PROBLEM TO SOLVE => Below is a set of records. Repeat them verbatim without the pictures.

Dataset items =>
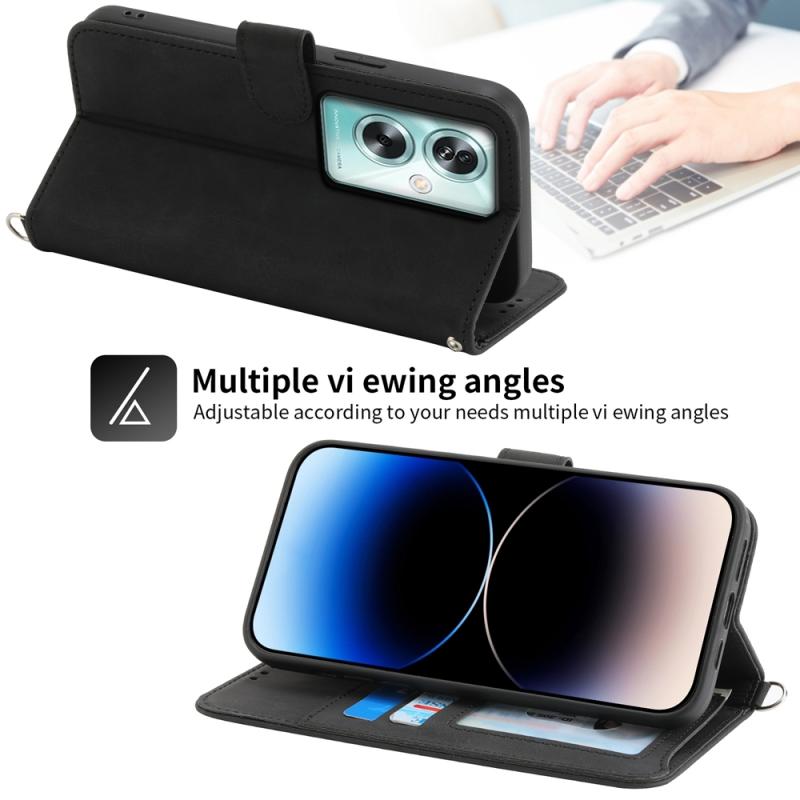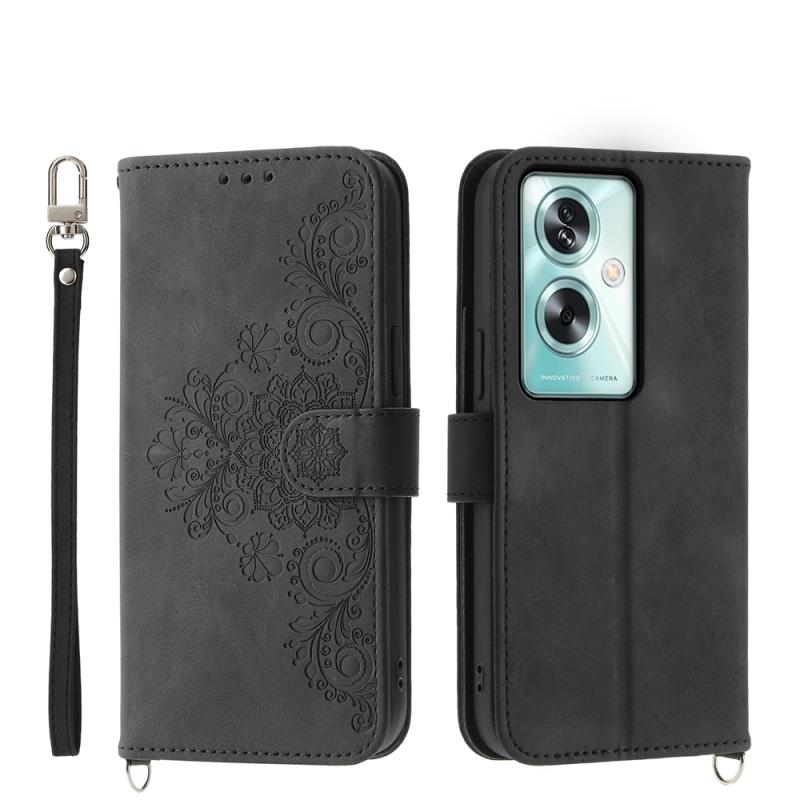 For OPPO A79 5G Skin Feel Flowers Embossed Wallet Leather Phone Case(Black)
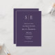 Este convite de casamento roxo e dourado, chic e minimalista, pode ser personalizado com suas iniciais de monograma e informações do dia do casamento. Com os detalhes do seu site de casamento e seu código QR no verso. Desenhado por Thisisnotme©
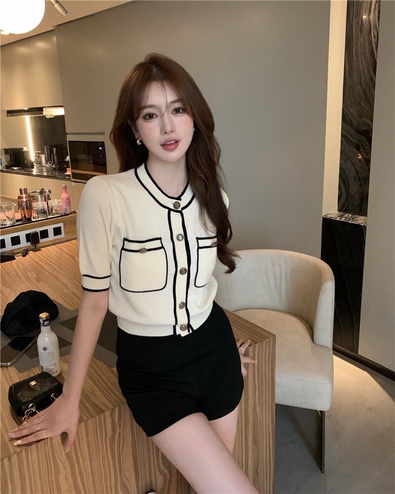 ニットジャケット カーディガンサマースタイルスリムショートトップス 夏物 フラワークラフター92272892084
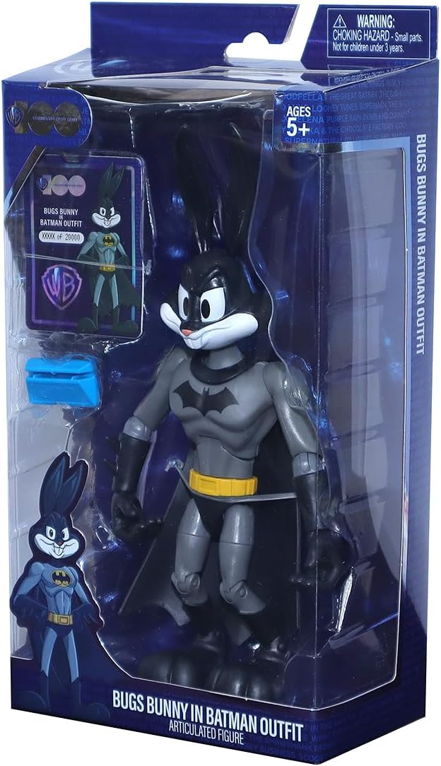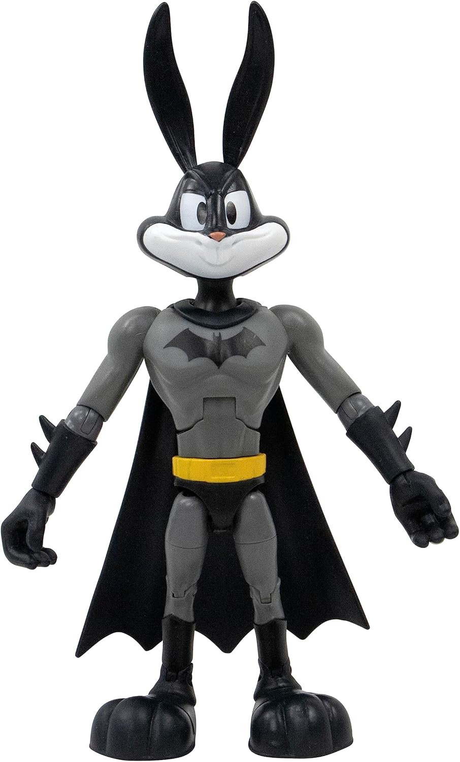 - This figure likely combines elements from both franchises, such as Bugs Bunny dressed in a Batman suit.
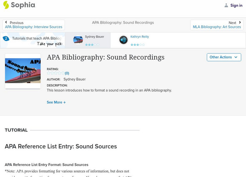 This lesson introduces how to format a sound recording in an APA bibliography.
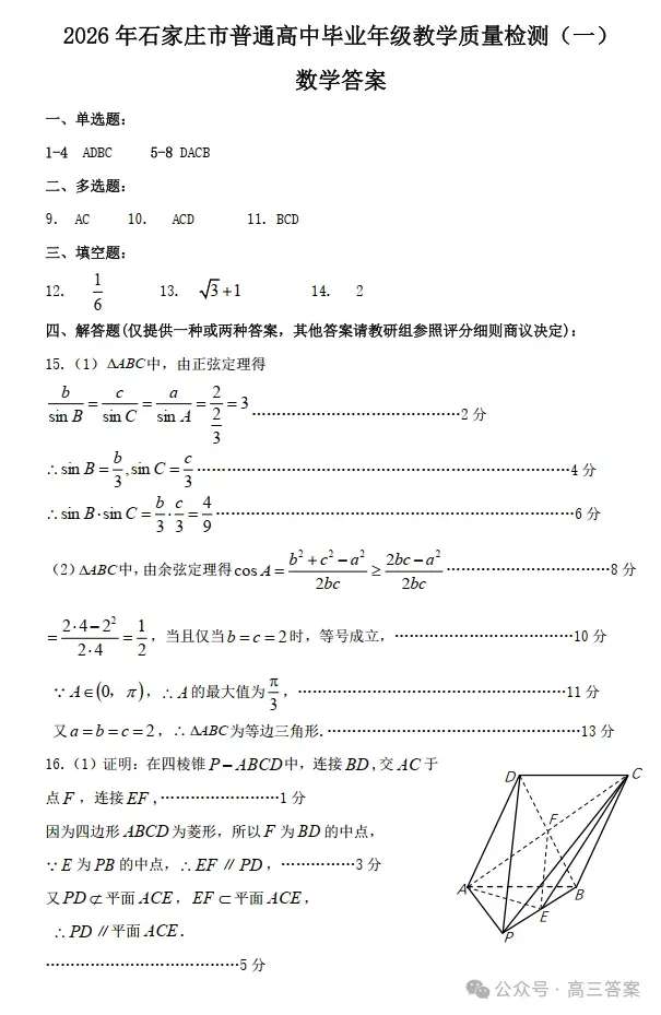 【高三】河北省2026届石家庄市普通高中学校毕业年级教学质量检测(一)(一模)(全)
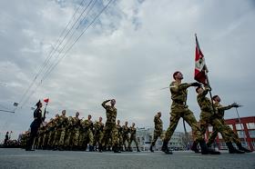 Репетиция парада Победы на площади имени Ленина в Новосибирске.
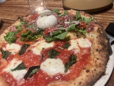 私たちはピザ1枚、ハーフ&ハーフで2種類選びました。ブッラータのは有名なので、もちろんそれもオーダー。
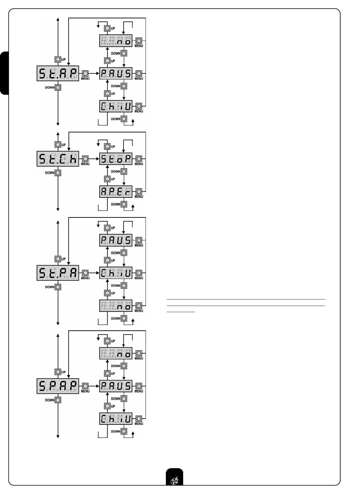 Select option PAUS, to set up the “step-by-step” operation logic.
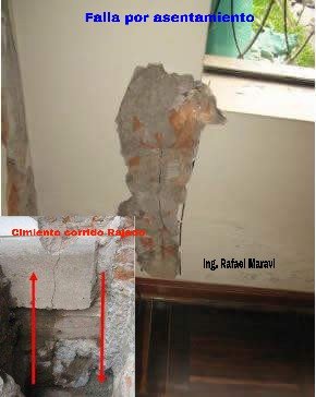 El asentamiento de cimientos corridos fracturan la cimentación llevando la grieta a la estructura.
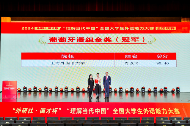 22级葡语专业硕士研究生肖以琦(中间)喜获2024“外研社·国才杯”“理解当代中国”全国大学生外语能力大赛葡语组金奖(冠军)
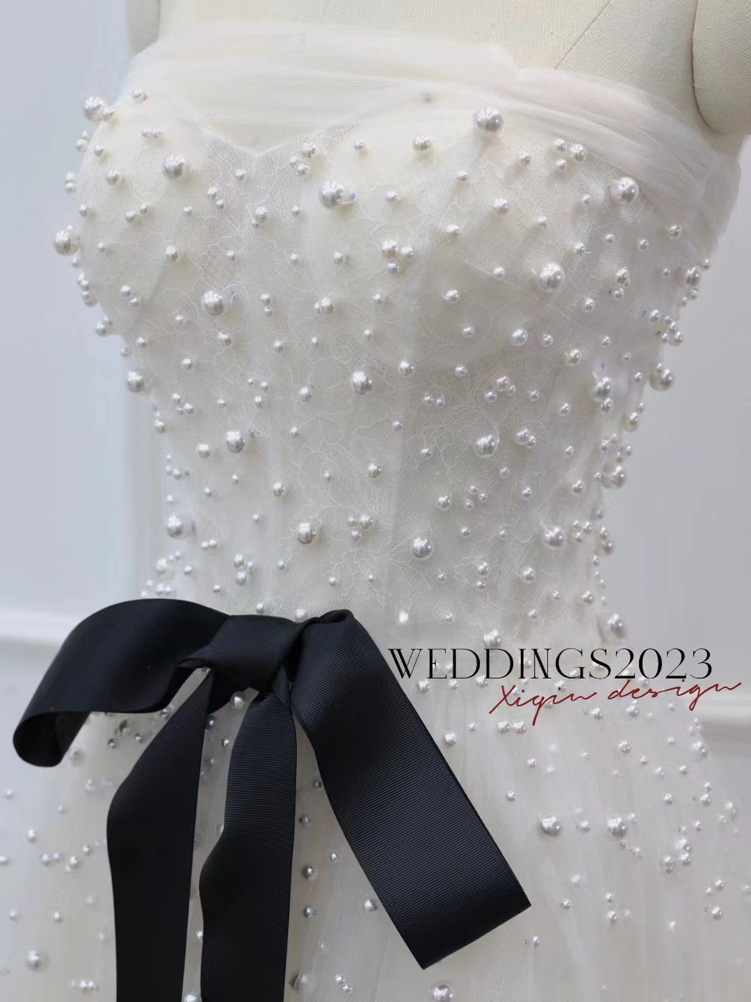 I am able to customize Your Wedding Dress and make it more Personal for You. Please remark your Customization Request in Your Order Note during check out and I will contact you to confirm this as soon as possible. There is an extra fee for customization.

RESPONSE =>
 For OPPO A79 5G Skin Feel Flowers Embossed Wallet Leather Phone Case(Black)
 Este convite de casamento roxo e dourado, chic e minimalista, pode ser personalizado com suas iniciais de monograma e informações do dia do casamento. Com os detalhes do seu site de casamento e seu código QR no verso. Desenhado por Thisisnotme©
 ニットジャケット カーディガンサマースタイルスリムショートトップス 夏物 フラワークラフター92272892084
 - This figure likely combines elements from both franchises, such as Bugs Bunny dressed in a Batman suit.
 This lesson introduces how to format a sound recording in an APA bibliography.
 【高三】河北省2026届石家庄市普通高中学校毕业年级教学质量检测(一)(一模)(全)
 Репетиция парада Победы на площади имени Ленина в Новосибирске.
 私たちはピザ1枚、ハーフ&ハーフで2種類選びました。ブッラータのは有名なので、もちろんそれもオーダー。
 Select option PAUS, to set up the “step-by-step” operation logic.
 El asentamiento de cimientos corridos fracturan la cimentación llevando la grieta a la estructura.
 22级葡语专业硕士研究生肖以琦(中间)喜获2024“外研社·国才杯”“理解当代中国”全国大学生外语能力大赛葡语组金奖(冠军)
 I am able to customize Your Wedding Dress and make it more Personal for You. Please remark your Customization Request in Your Order Note during check out and I will contact you to confirm this as soon as possible. There is an extra fee for customization.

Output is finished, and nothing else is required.